▶ What you are asked to do
Give back only the lines in the records below from the one with "click SUBMIT CHALLENGE." to the one with "Жіноча брошка. Брошка", both inclusive, word for word.

Input material START

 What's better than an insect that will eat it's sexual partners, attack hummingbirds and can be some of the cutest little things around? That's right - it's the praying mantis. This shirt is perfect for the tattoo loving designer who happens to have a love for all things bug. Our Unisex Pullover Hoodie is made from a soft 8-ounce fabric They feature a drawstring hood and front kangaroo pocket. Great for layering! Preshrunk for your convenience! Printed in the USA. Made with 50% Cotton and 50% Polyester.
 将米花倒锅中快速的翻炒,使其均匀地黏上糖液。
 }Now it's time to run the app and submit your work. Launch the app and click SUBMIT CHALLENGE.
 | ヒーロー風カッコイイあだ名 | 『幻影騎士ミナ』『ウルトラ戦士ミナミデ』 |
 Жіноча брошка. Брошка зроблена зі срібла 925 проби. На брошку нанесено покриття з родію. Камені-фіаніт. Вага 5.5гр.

Input material END
Input material START

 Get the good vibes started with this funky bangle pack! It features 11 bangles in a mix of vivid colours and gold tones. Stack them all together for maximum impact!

Input material END

▶ Exercise solution
 }Now it's time to run the app and submit your work. Launch the app and click SUBMIT CHALLENGE.
 | ヒーロー風カッコイイあだ名 | 『幻影騎士ミナ』『ウルトラ戦士ミナミデ』 |
 Жіноча брошка. Брошка зроблена зі срібла 925 проби. На брошку нанесено покриття з родію. Камені-фіаніт. Вага 5.5гр.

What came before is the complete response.